Sarah: Yeah, oh yes. I’ve moved out of London but that’s purely about needing more space for family and stuff.
And it definitely does [still matter] – and I’m waiting for the day when my kids are gonna be drawn here – ‘cause they’re bound to be aren’t they? I expect it’ll have that same magnetic pull as it did on me … and then they’ll be gone. (mock tears)
Photographs by Rachael Cassells / Joe Dilworth
What’s your favourite shot in the book?
Sarah: I really do love the ones in Berlin, the bowling pictures. There’s something about the colours in them.
Pete: And we’re not posing. They’re really natural.
Sarah: The photographer, Rachael Cassells, was great. You’d do something and occasionally she’d say “Can you just do that again?”
Pete: I really do like – though Sarah’s not in it – the V-Sign picture in Tufnell Park, just because we look so young in it and it reminds me of just starting out.
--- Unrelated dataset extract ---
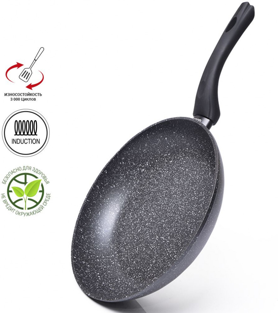 Fissman Сковорода для жарки «Fiore»В данный момент этот товар отсутствует в продаже. Возможно, у нас найдется аналогичный или похожий товар здесь. Серия: Fiore Мраморная сковорода будет служить вам долгие годы благодаря стойкому антипригарному покрытию с добавлением мраморной крошки. Такая сковорода не боится закругленных металлических предметов, что позволит вам перемешивать пищу металлической ложкой. Сочетание литого алюминия с мраморным антипригарным покрытием дает равномерное прогревание сковороды, что позволяет избежать не дожаренных продуктов. Такая сковорода быстро прогревается и долго не остывает, что позволяет сократить время приготовления. Удобная не скользящая бакелитовая ручка понравится даже самым требовательным хозяйкам. |
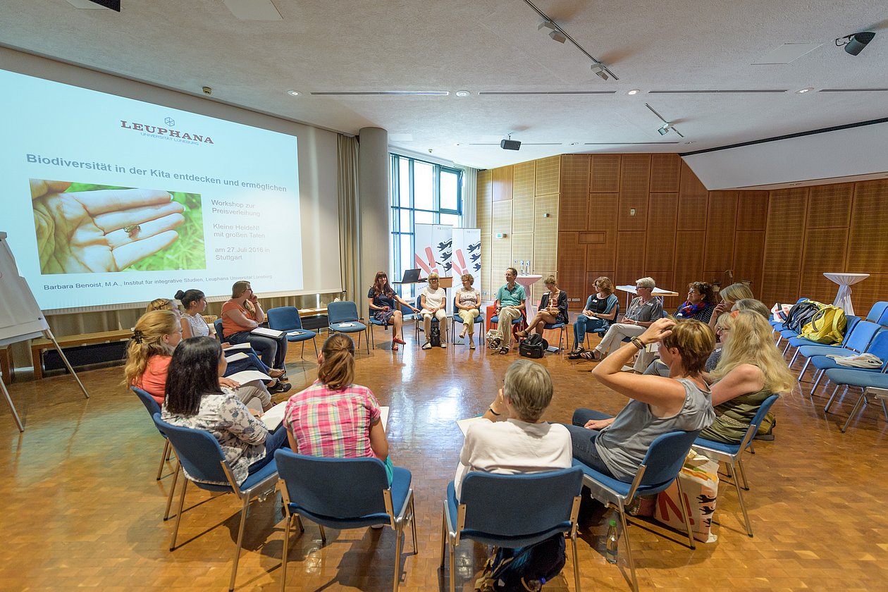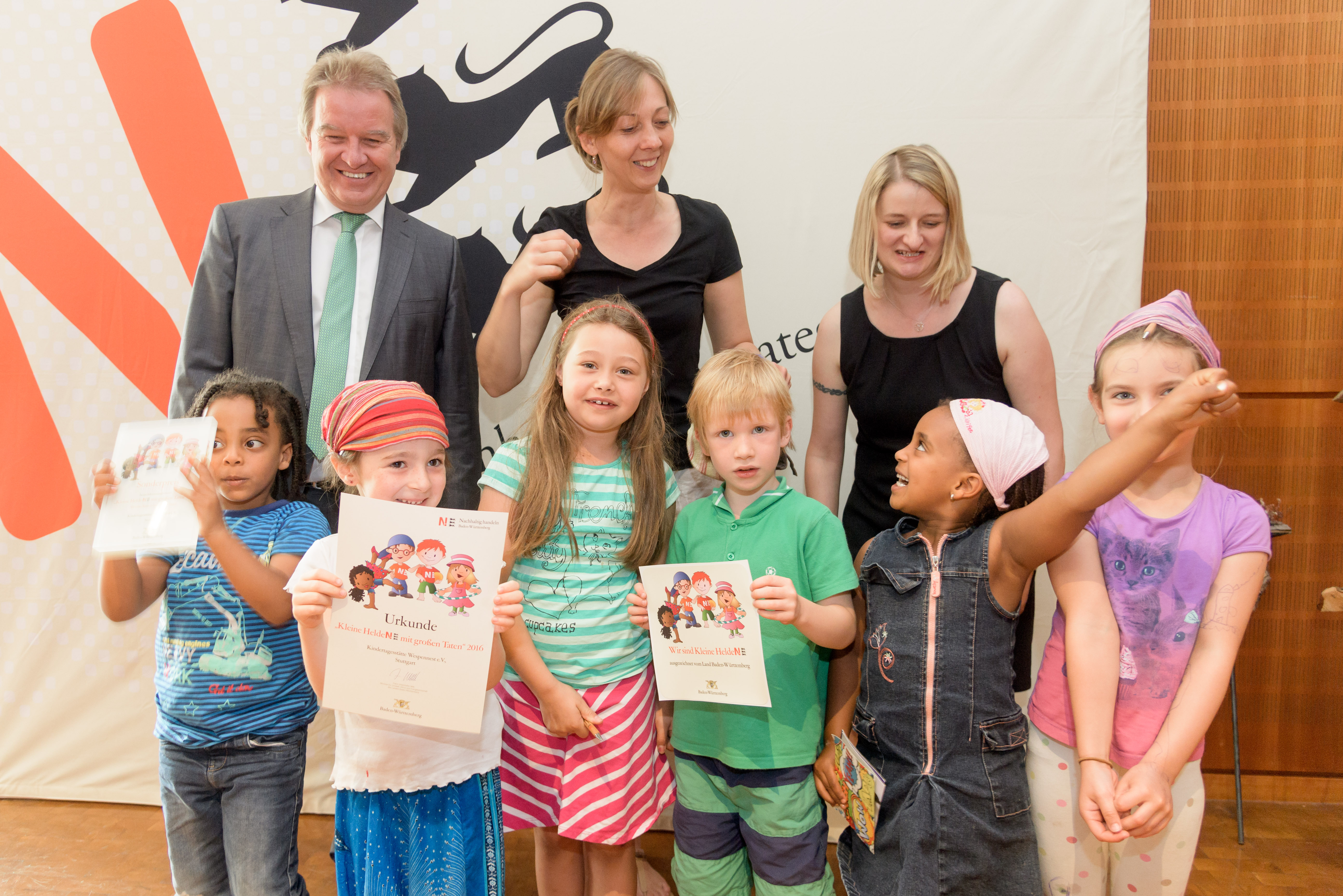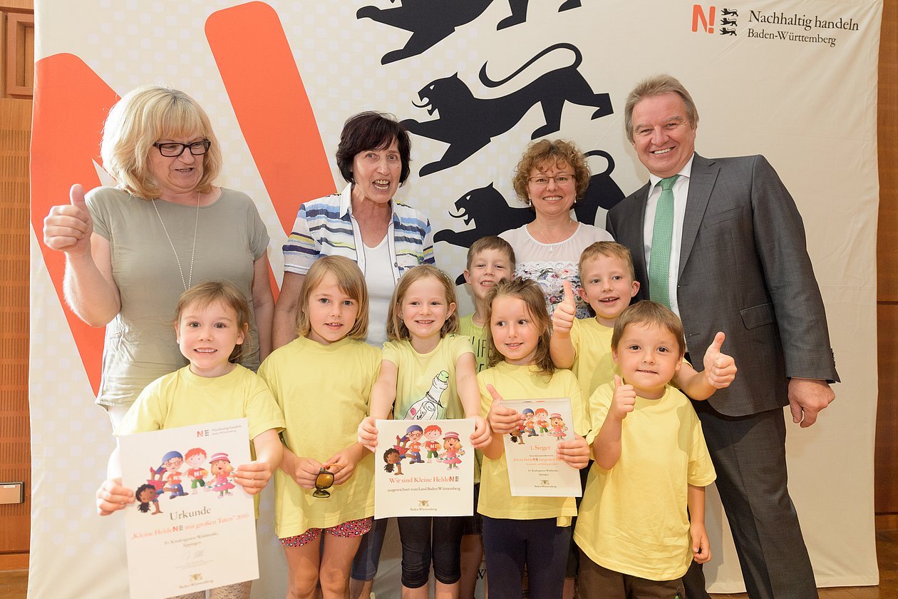 Am 27. Juli 2016 wurden in Stuttgart die Gewinner des diesjährigen Kleine Helden Wettbewerbs geehrt. Beim dem Wettbewerb konnten Kindergärten und Kindertagesstätten aus Baden-Württemberg eigene Ideen zu den verschiedenen Themen der Nachhaltigkeit „nachhaltig gärtnern“ und „Insektenhotel“ einreichen. Umweltminister Franz Untersteller überreichte die Siegertrophäen. Im Anschluss konnten die teilnehmende Erzieherinnen und Erzieher in verschiedenen Workshops noch detaillierte Einblicke in das Thema „nachhaltige Entwicklung“ gewinnen.

Bob: (joking) I think, um, our most recent work is the one I’m happiest with. No, I really like the early Joe Dilworth ones, probably the ones on the boat. There’s probably not a standout photo but they recall just really good memories and again, it was that thing about wandering round random bits of London, round the back of King’s Cross …
And on that note we’re out of time. The Gaggia hisses again and the PR taps his watch again to signal it’s time to deliver the band to the BBC round the corner, where they’ll be interviewed for 6 Music. Later that night Pete and Bob will DJ on the concourse of the newly relocated Foyle’s bookstore and the band will attend a screening of How We Used To Live, their new cinematic collaboration with Paul Kelly. Meanwhile I make my way to the Tube, clutching a now-signed copy of the book – “With lots of love from ‘The Et’”. Swoon.
Saint Etienne is available from First Third now.